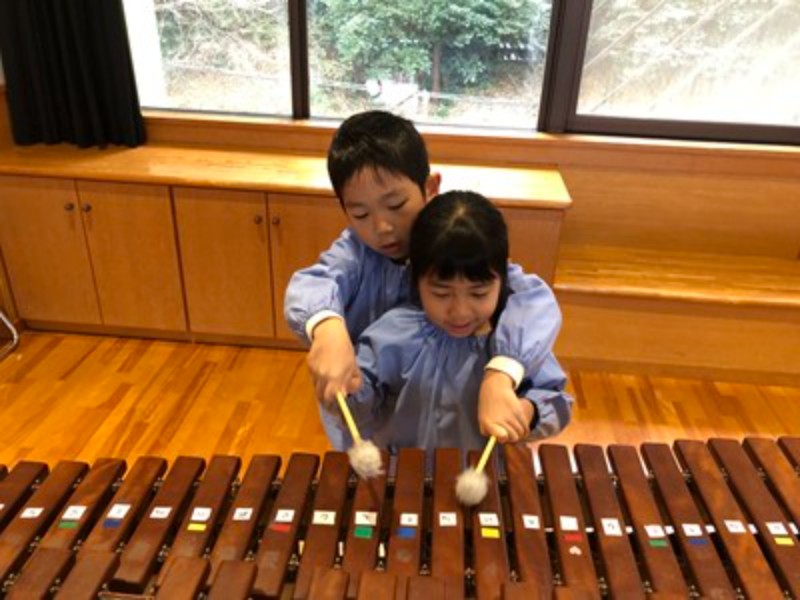 一人ひとりが奏でる音には、しんり幼稚園で積み重ねてきた遊びや感性がしっかりと息づいていて、その響きが心の奥まで届きました。仲間と息を合わせ、緊張しながらも精一杯表現しようとする姿には、子ども達の内側からあふれる力強さと優しさが宿っていて、思わず目頭が熱くなりました。そして音楽会の後、年長児は他学年の子ども達に、楽器の持ち方や音の出し方を丁寧に教えてくれました。小さな子たちに寄り添いながら、優しく言葉をかける姿は、まるで頼もしいお兄さん・お姉さんそのもの。教える側になった年長児の誇らしげな表情を見た瞬間、またひとつ大きく成長した姿に胸が熱くなりました。音楽を通して生まれた学年を越えたつながりと、子ども達の心の成長。その温かさに包まれた時間は、きっと子ども達の未来へ続く大切な一歩になるのだと感じました。
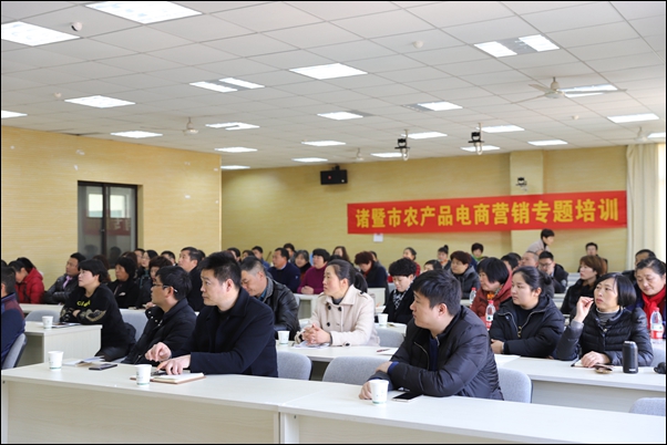 2017年12月25日-26日,诸暨市农产品电商营销专题培训在陶朱商学院举行。诸暨市农林局副局长郑伟林、信息中心主任徐铁平及陶朱商学院相关人员出席开班仪式,来自诸暨各乡镇街道村淘4S店的站长和从事电商事业的有关人员参加培训。
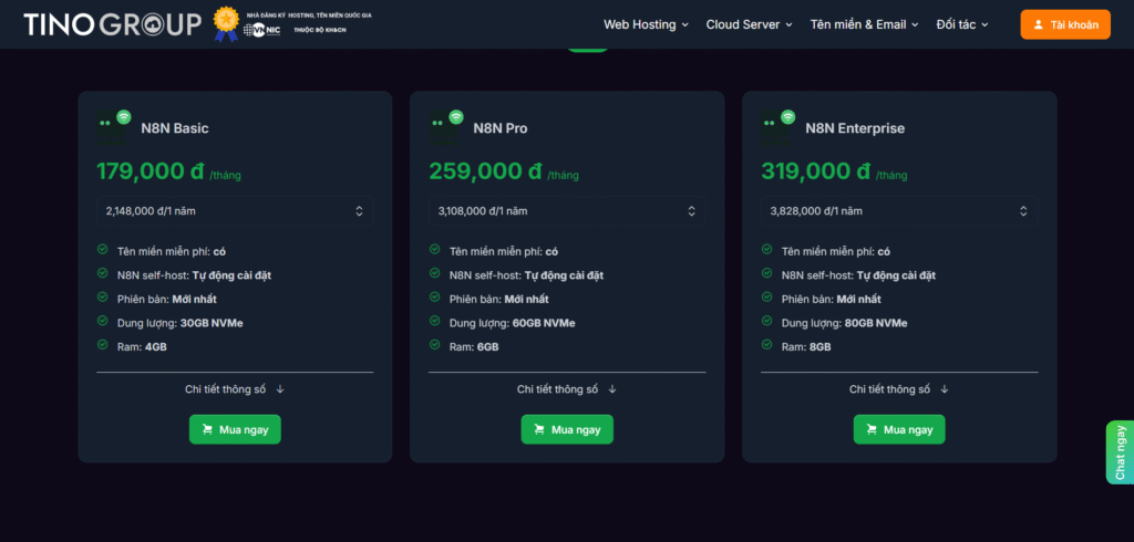 - Nếu bạn là cá nhân hoặc SME muốn dịch vụ nhanh, dễ dùng → TinoHost.
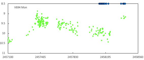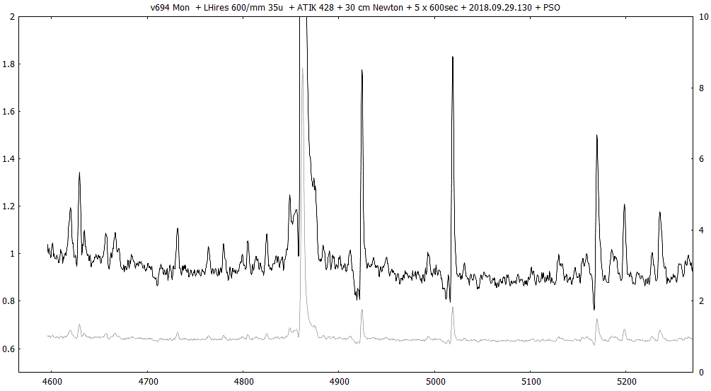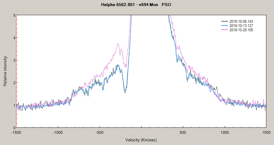 Opening the new season for v694 Mon: a fresh, lucky 1x10 minuter at the lowest level I can shoot v694 Mon from this morning - the P-Cyg profile has mostly vanished (a very rare state), uncovering a blue wing:
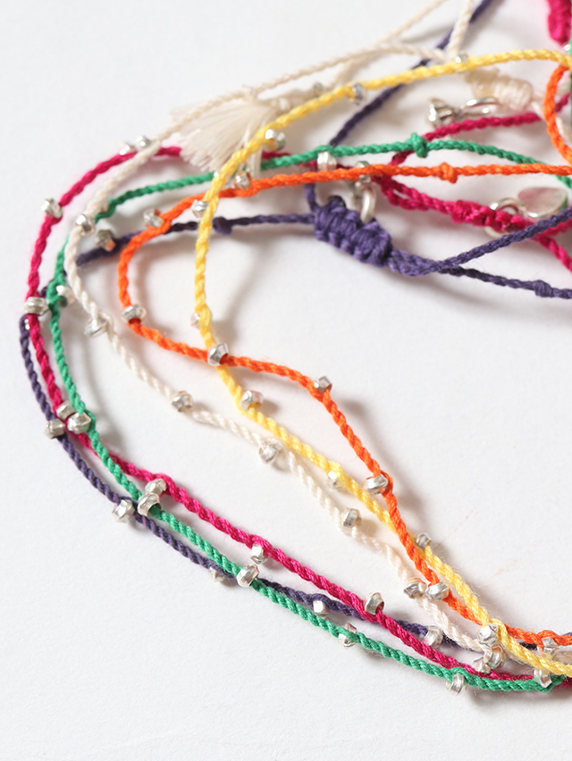タイのシルバーやガラスビーズを使用したアクセサリーシリーズ。カレン族によって手作業で作られたシルバーを組みあわせてデザインしたブレスレットが出来上がりました。一つ一つ表情が異なり、温かみのある質感をお楽しみ下さい。
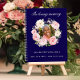 Ein Gästebuch für eine Gedenkfeier oder Beerdigung. Ein klassisch dunkelblauer Hintergrund mit einem rosa und weißen Kranz aus Blumen. Personalisieren und hinzufügen eines Fotos, Namens und Datums.
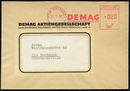 6917 | 15 € | 4100 Duisburg Absender-Freistempel : (22a) DUISBURG 1/ DEMAG/ AG 1958 (21.7.) AFS Francotyp "Posthorn" klar auf Firmen-Bf. (Dü.E-23DO mit Raute) | ![]() | |
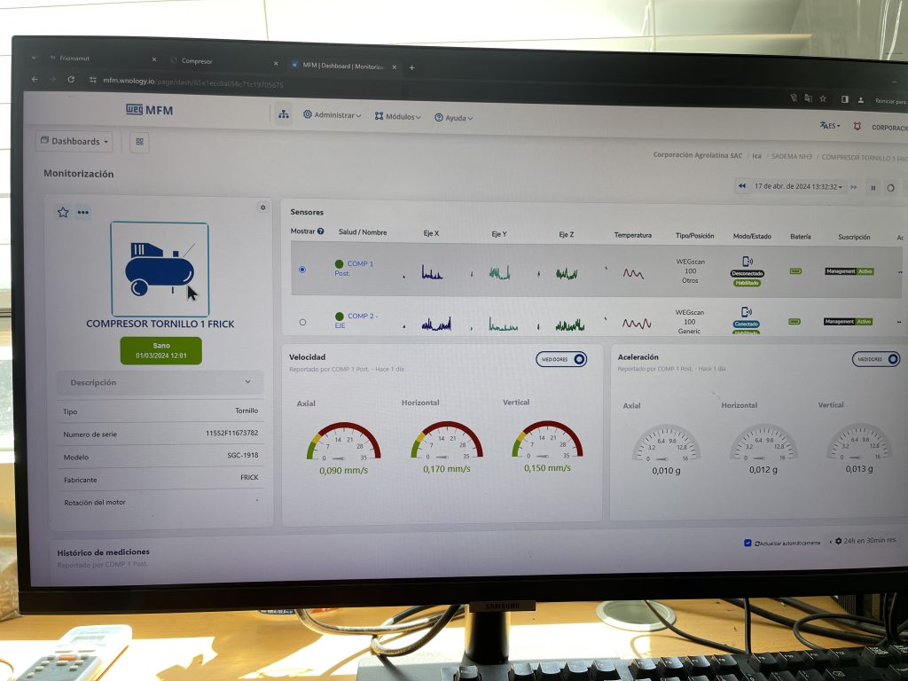 Por meio do parceiro e integrador WEG no Peru, Inova Chilltec, a solução da WEG foi escolhida pela Agrolatina devido à sua capacidade de fornecer uma análise precisa e confiável, análise avançada de dados e, ainda, com um investimento inicial 70% menor do que outras soluções disponíveis no mercado.
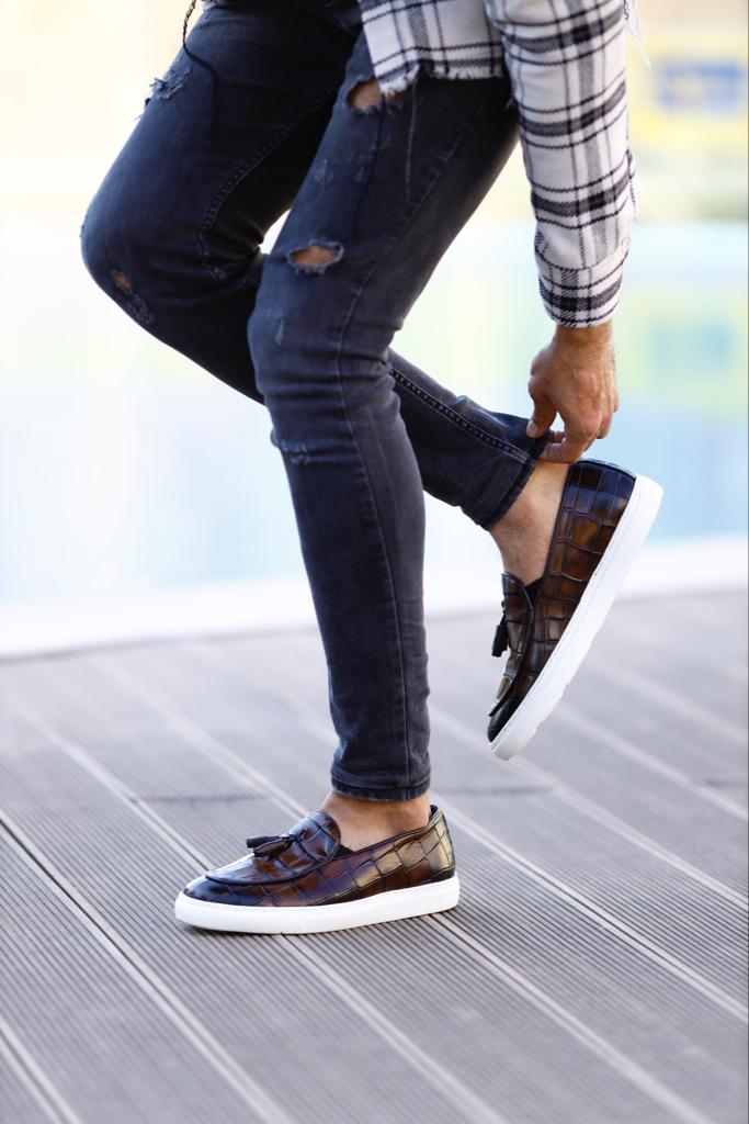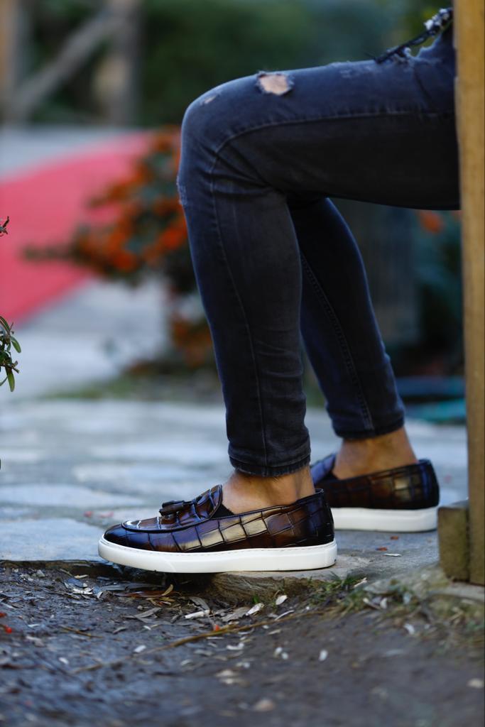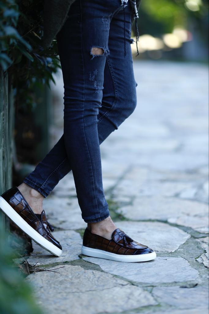 Estes marrons mocassins são feitos de couro 100% genuíno e apresentam uma sola Eva
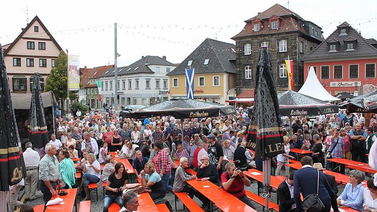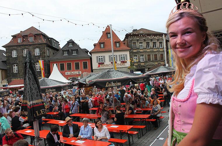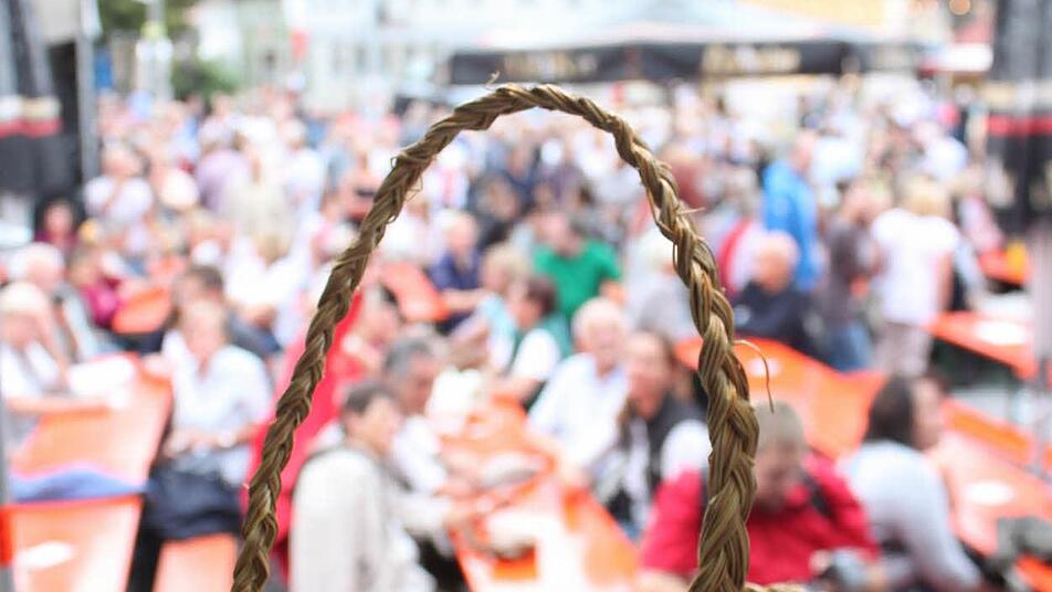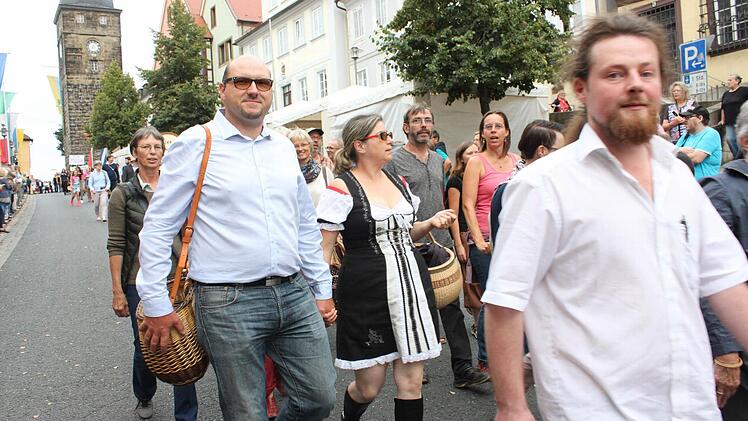 Traditionell waren beim Einzug vom Oberen Tor auf den Marktplatz alle Mitwirkenden und Gäste vertreten. Die Zapfendorfer Mädchengarde und der Fanfarenzug der St.-Georgs-Pfadfinder führten die Reihen an. Der Marktplatz füllte sich bald, an den Buden wurde Deftiges zur Brotzeit verkauft. Während einige Flechthandwerker noch ihre Stände für die beiden Markttage herrichteten, wurden oben auf dem Hauptpodium gleich drei Fässer Bier gleichzeitig angestochen. Die drei Brauerei-Chefs standen dabei den Akteuren zur Seite. Neben Bürgermeister Andreas Hügerich hantierten die neue Landesinnungsmeisterin des Flechthandwerks, Nina-Regina Nötzelmann, und Hauptamtsleiter Manfred Diller erfolgreich mit den Zapfhähnen.
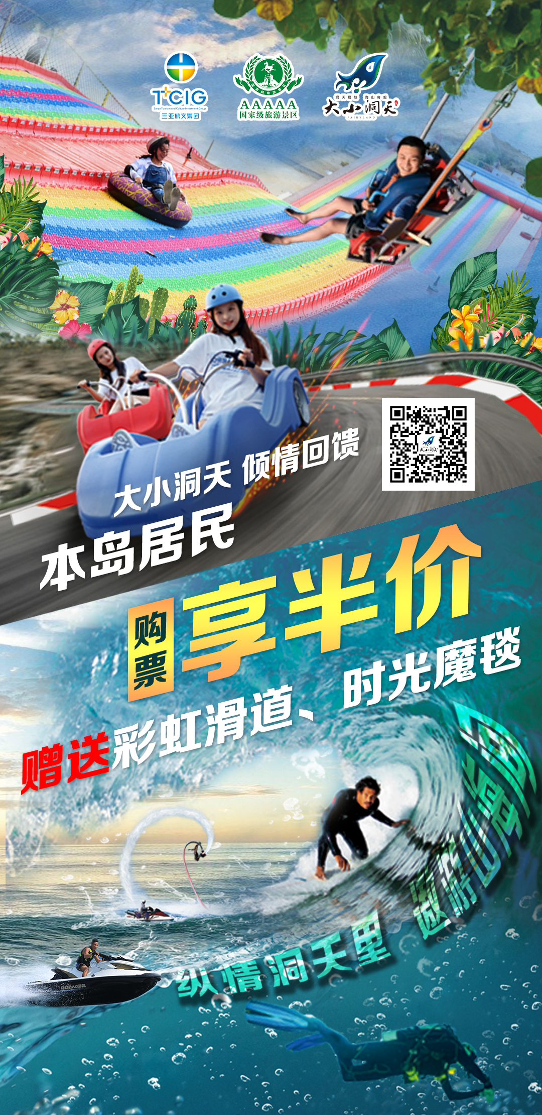 新海南客戶端、南海網、南國都市報8月18日消息(記者 劉麗萍)縱情洞天里,遨游山海間!8月18日,新海南客戶端記者獲悉,日前三亞大小洞天旅游區推出暑期系列優惠活動,本島居民購票可享半價,并贈送“彩虹滑道+時光魔毯”兩個游玩項目。

● ● ● ●

Exercise aim:
Quote verbatim every line starting at the line that contains "Opening the new" and ending with the last line of the records; omit all pictures.

Exercise result:
 Opening the new season for v694 Mon: a fresh, lucky 1x10 minuter at the lowest level I can shoot v694 Mon from this morning - the P-Cyg profile has mostly vanished (a very rare state), uncovering a blue wing:
タイのシルバーやガラスビーズを使用したアクセサリーシリーズ。カレン族によって手作業で作られたシルバーを組みあわせてデザインしたブレスレットが出来上がりました。一つ一つ表情が異なり、温かみのある質感をお楽しみ下さい。
 Ein Gästebuch für eine Gedenkfeier oder Beerdigung. Ein klassisch dunkelblauer Hintergrund mit einem rosa und weißen Kranz aus Blumen. Personalisieren und hinzufügen eines Fotos, Namens und Datums.
 6917 | 15 € | 4100 Duisburg Absender-Freistempel : (22a) DUISBURG 1/ DEMAG/ AG 1958 (21.7.) AFS Francotyp "Posthorn" klar auf Firmen-Bf. (Dü.E-23DO mit Raute) | ![]() | |
 Por meio do parceiro e integrador WEG no Peru, Inova Chilltec, a solução da WEG foi escolhida pela Agrolatina devido à sua capacidade de fornecer uma análise precisa e confiável, análise avançada de dados e, ainda, com um investimento inicial 70% menor do que outras soluções disponíveis no mercado.
 Estes marrons mocassins são feitos de couro 100% genuíno e apresentam uma sola Eva
 Traditionell waren beim Einzug vom Oberen Tor auf den Marktplatz alle Mitwirkenden und Gäste vertreten. Die Zapfendorfer Mädchengarde und der Fanfarenzug der St.-Georgs-Pfadfinder führten die Reihen an. Der Marktplatz füllte sich bald, an den Buden wurde Deftiges zur Brotzeit verkauft. Während einige Flechthandwerker noch ihre Stände für die beiden Markttage herrichteten, wurden oben auf dem Hauptpodium gleich drei Fässer Bier gleichzeitig angestochen. Die drei Brauerei-Chefs standen dabei den Akteuren zur Seite. Neben Bürgermeister Andreas Hügerich hantierten die neue Landesinnungsmeisterin des Flechthandwerks, Nina-Regina Nötzelmann, und Hauptamtsleiter Manfred Diller erfolgreich mit den Zapfhähnen.
 新海南客戶端、南海網、南國都市報8月18日消息(記者 劉麗萍)縱情洞天里,遨游山海間!8月18日,新海南客戶端記者獲悉,日前三亞大小洞天旅游區推出暑期系列優惠活動,本島居民購票可享半價,并贈送“彩虹滑道+時光魔毯”兩個游玩項目。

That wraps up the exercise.